BEGIN

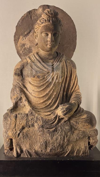 Gandhara grey schist figure of seated Buddha (ECM.6521-2017)
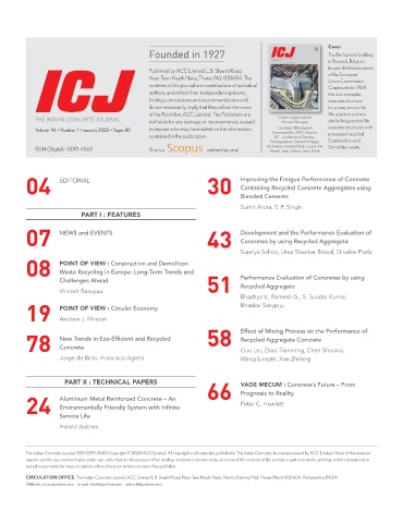 THE INDIAN CONCRETE JOURNAL not liable for any damage or inconvenience, caused Cover image source: similar long service life
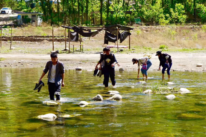 图一 实践团成员涉水巡山
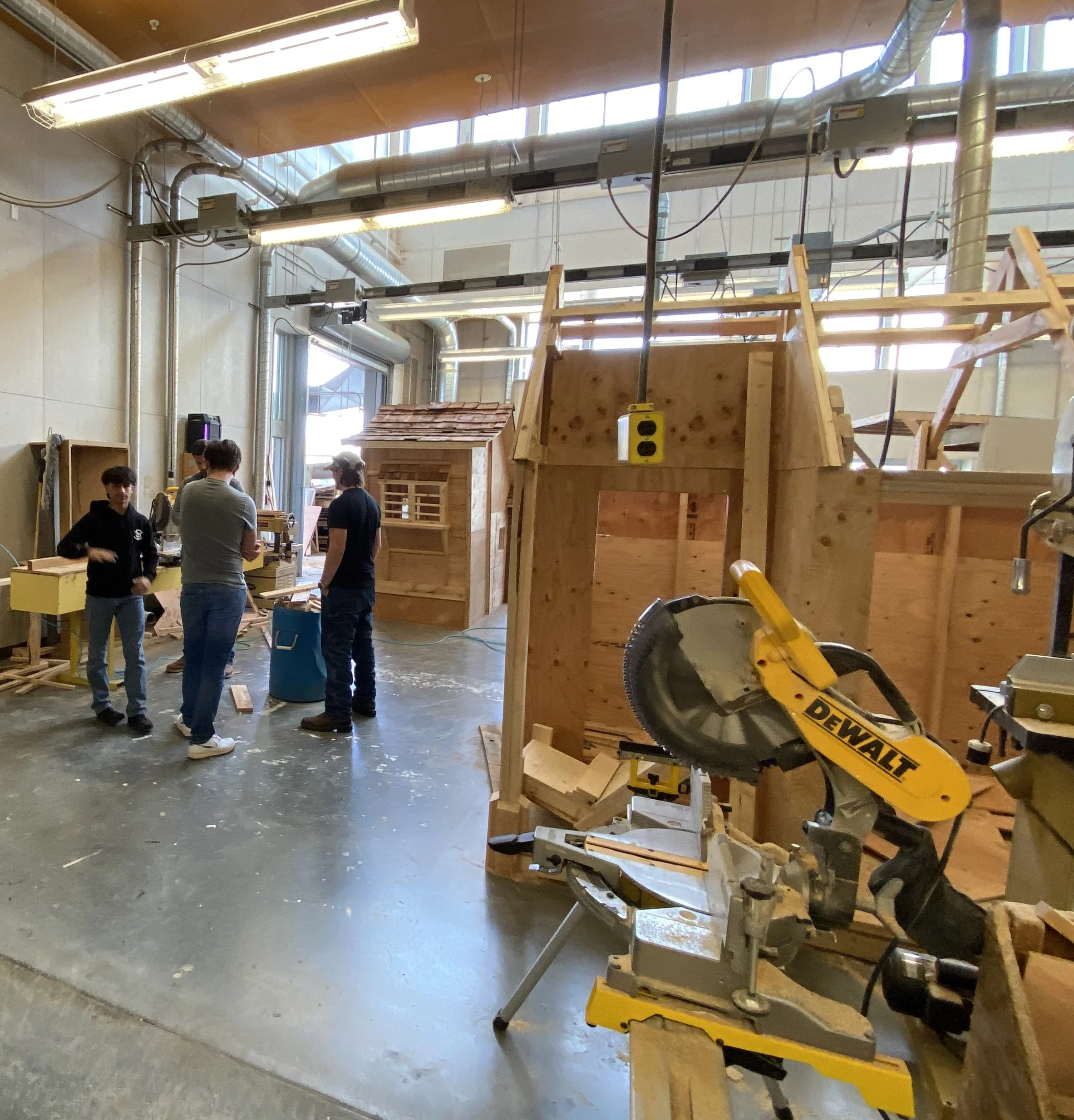 Students work on projects in Construction class. These kids could go on to construct houses in a few short years if they enjoy the career.
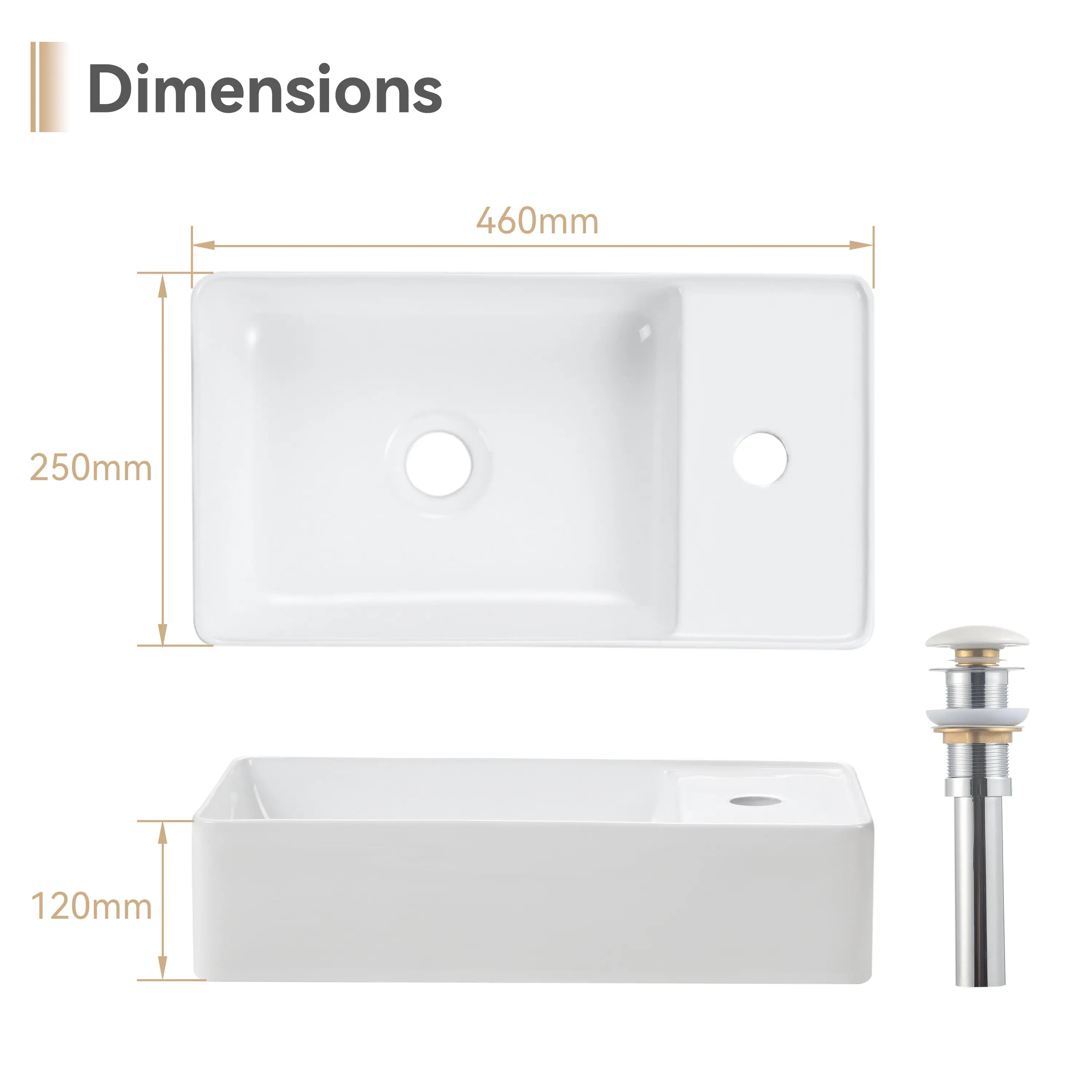 The HOROW HWTP-S4625WR sink is a rectangular bathroom sink. The 10-inch width design can save more washing space. Comes with pop-up drain and installation kit to reduce extra expenses.

END

| What to do |
Write the material out again word for word and omit any images.

| Solution to this problem |
 Gandhara grey schist figure of seated Buddha (ECM.6521-2017)
 THE INDIAN CONCRETE JOURNAL not liable for any damage or inconvenience, caused Cover image source: similar long service life
 图一 实践团成员涉水巡山
 Students work on projects in Construction class. These kids could go on to construct houses in a few short years if they enjoy the career.
 The HOROW HWTP-S4625WR sink is a rectangular bathroom sink. The 10-inch width design can save more washing space. Comes with pop-up drain and installation kit to reduce extra expenses.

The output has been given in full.